At Ben's 1 month checkup Dr. Daley told us he was concerned about the shape of Ben's head- very thin and long. He said Ben's sutures might have closed up pre-maturely, but we would give it another month to see if it would get any rounder. I began to do a little bit of research on the topic at this time, which helped to prepare me for the diagnosis. At Ben's 2 month checkup Dr. Daley ordered an X-ray and called that night to confirm that indeed, Ben's Sagittal suture was closed.
Ben was diagnosed with Sagittal Synostosis on January 28, 2009. He will most likely need to undergo surgery on his skull to correct the condition. The prognosis for Ben's condition is very positive- most kids are completely normal after the surgery.

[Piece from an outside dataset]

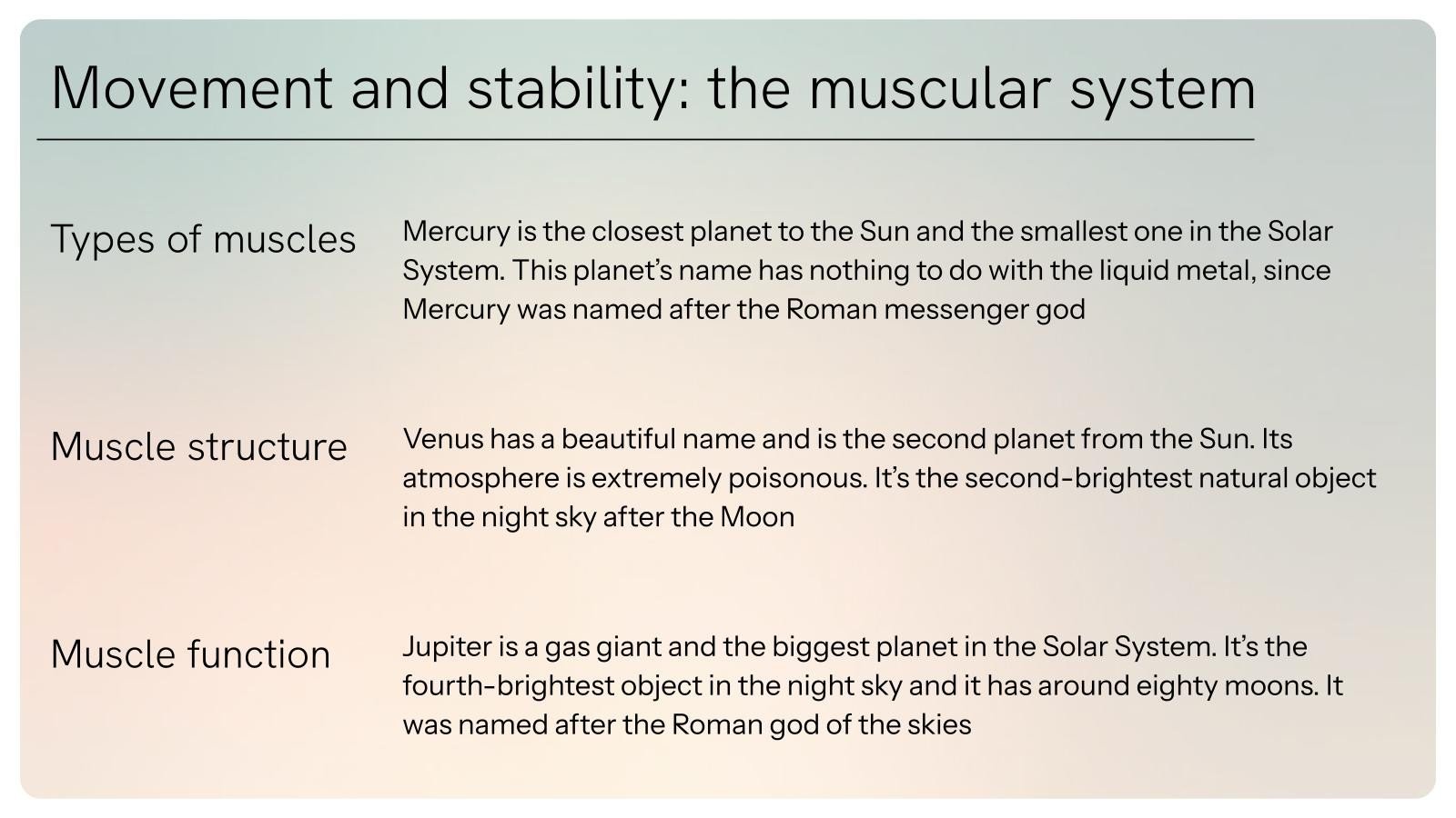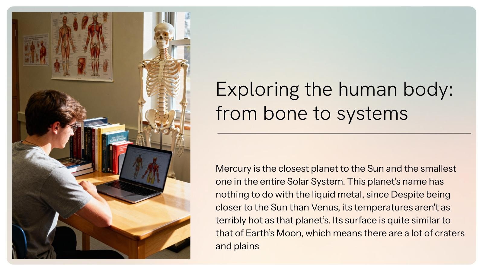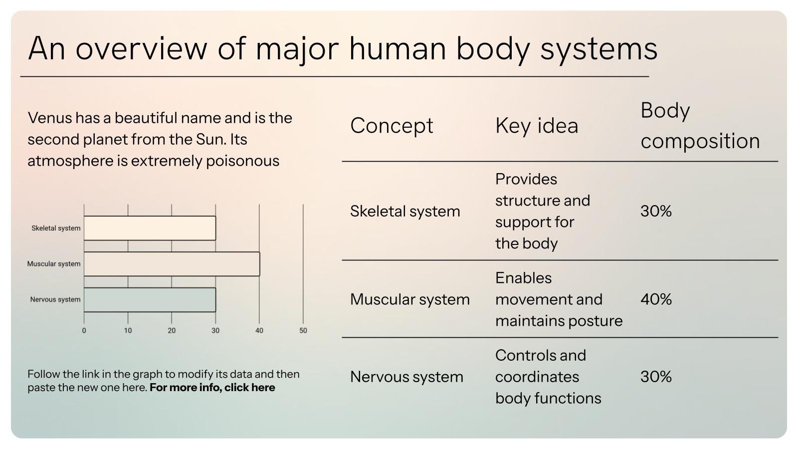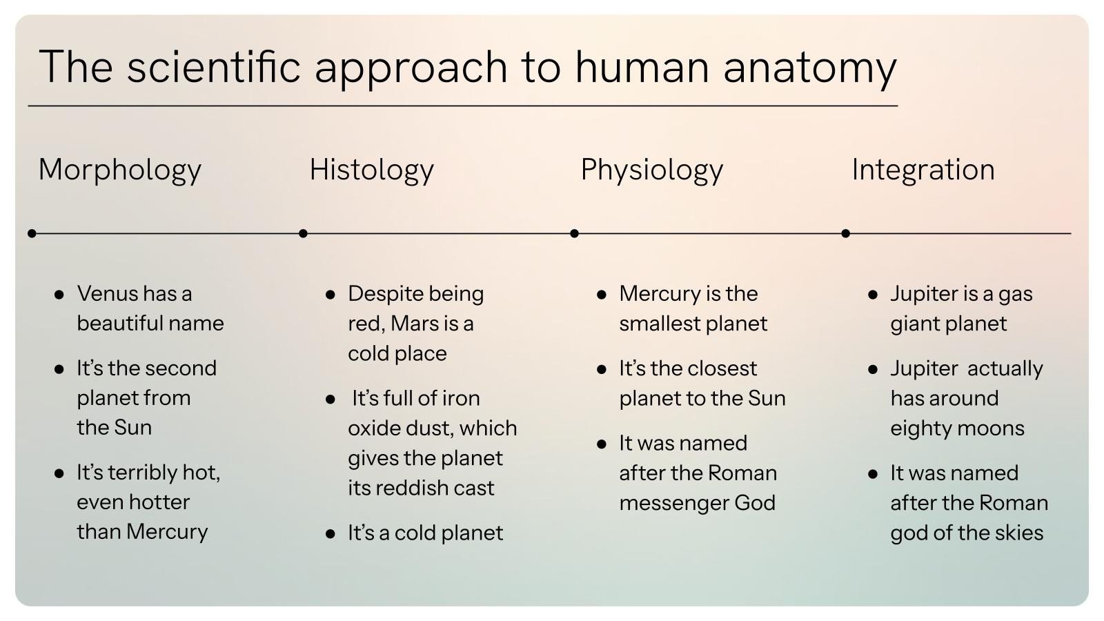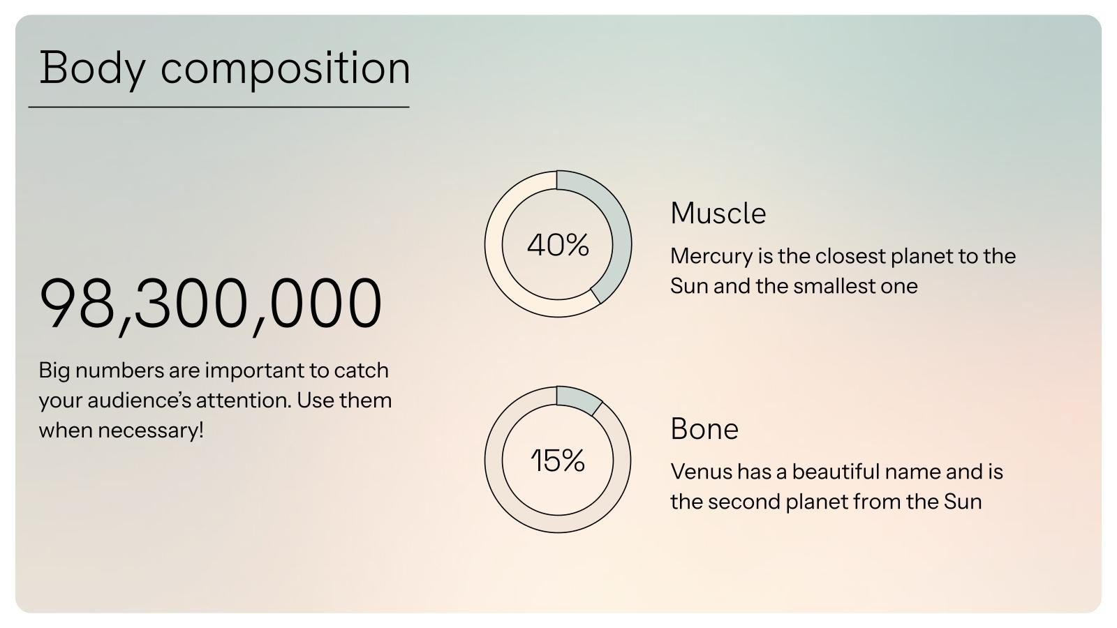 “下载适用于 PowerPoint 或 Google 幻灯片的解剖学基础知识演示文稿,并开始用创意和原创设计给观众留下深刻印象。像这里这样的 Slidesgo 模板提供了通过使用不同的图形资源以清晰、简洁和直观的方式传达概念、想法或主题的可能性。你需要谈论一个特定的话题,但你不知道该怎么做?尝试使用像这样的演示文稿,100% 可定制!

Here is Craniosynostosis in a nut shell:
The skull of an infant is made up of free-floating bones separated by fibers called sutures. This arrangement allows the infant's head to pass through the birth canal and also enables the skull to grow with the brain in early infancy. Premature fusing of the sutures is called Craniosynostosis, which restricts skull growth. The cause of this premature fusion is unknown.

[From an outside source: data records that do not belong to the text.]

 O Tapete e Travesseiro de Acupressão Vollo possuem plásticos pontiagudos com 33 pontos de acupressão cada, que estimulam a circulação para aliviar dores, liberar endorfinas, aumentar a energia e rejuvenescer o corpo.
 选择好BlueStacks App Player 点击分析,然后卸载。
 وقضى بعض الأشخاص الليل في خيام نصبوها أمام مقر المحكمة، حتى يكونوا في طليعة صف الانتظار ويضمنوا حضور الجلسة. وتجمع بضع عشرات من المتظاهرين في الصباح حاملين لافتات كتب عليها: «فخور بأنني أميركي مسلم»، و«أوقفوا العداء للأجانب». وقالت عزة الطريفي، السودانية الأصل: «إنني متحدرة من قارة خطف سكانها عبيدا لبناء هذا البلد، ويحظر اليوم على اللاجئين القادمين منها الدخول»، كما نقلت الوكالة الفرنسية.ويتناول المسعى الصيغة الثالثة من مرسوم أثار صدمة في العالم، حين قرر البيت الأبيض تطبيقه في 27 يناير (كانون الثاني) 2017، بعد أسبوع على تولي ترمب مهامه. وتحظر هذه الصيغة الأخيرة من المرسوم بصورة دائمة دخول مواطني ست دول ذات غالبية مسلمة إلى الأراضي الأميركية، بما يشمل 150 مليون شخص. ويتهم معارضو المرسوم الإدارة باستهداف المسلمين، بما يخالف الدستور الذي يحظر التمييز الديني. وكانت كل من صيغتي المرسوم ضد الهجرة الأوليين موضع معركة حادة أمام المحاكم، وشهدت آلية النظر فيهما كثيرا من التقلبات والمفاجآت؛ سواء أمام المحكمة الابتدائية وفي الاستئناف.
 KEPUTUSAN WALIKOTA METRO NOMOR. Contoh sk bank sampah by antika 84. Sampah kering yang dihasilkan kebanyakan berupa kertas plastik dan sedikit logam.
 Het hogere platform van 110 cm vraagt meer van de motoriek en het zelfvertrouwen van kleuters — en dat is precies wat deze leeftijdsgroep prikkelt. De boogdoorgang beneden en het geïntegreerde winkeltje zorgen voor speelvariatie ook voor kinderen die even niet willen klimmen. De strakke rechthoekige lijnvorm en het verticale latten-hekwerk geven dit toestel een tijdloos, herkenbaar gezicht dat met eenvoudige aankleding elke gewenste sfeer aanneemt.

There are two methods to the repair. The first is a traditional procedure in which an incision is made across the head from ear to ear. The neurosurgeon cuts the fused bone and then removes the parts of the skull that are deformed and remolds them before replacing them. The procedure is invasive, and the chance of a blood transfusion is relatively high. As the child grows older, the cosmetics are evaluated to determine if a second surgery is required. The chances of this are relatively low. The ideal time for this procedure is between 4-10 months old.
The second method is an endoscopic procedure. Two small incisions are made on top of the head. The procedure is less invasive, and the chance of a blood transfusion is significantly lower. The child is then required to wear a corrective helmet, for up to a year, to help shape the head. Should the helmet not achieve satisfactory results, a second surgery might be possible. The possibilities of multiple surgeries is greater in this method. This procedure is usually done prior to 3 months old.

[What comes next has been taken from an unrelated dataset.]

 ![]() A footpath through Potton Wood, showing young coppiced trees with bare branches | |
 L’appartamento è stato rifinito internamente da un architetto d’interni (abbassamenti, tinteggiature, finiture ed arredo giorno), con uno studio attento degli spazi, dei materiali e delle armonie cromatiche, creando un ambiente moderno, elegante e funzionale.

J.P. and I are planning to meet with surgeons who perform both methods to decide what is best for Ben. We have a meeting scheduled with Dr. Fearon on February 26 in Dallas (hopefully sooner if they have a cancellation). Dr. Fearon is very well known in the world of Craniosynostosis. He performs the regular surgery, but has revolutionized the procedure. To read more about him and his philosophy go here. We are also hoping to meet with Dr. Genecov, who is an expert on the endoscopic procedure. I left a message with his office today about scheduling an appointment. I have read wonderful things about him and his procedure as well. Dr. Daley has also put us in contact with a pediatric neurosurgeon in Oklahoma City who treats Craniosynostosis. There are no doctors in Tulsa who perform these procedures.
We are trying to educate ourselves as much as possible on this condition. I have found it very helpful to read about other people's journeys with Craniosynostosis from diagnosis through post-operation on http://www.craniokids.org/ . It is a wonderful, supportive community where you can get questions answered by parents who have lived through this.
Right now we are just thanking God for blessing us with three wonderful boys who are all very healthy, even Ben. We are so lucky to have such wonderful, large families who we know will support us through this.
I plan to post updates here throughout our journey.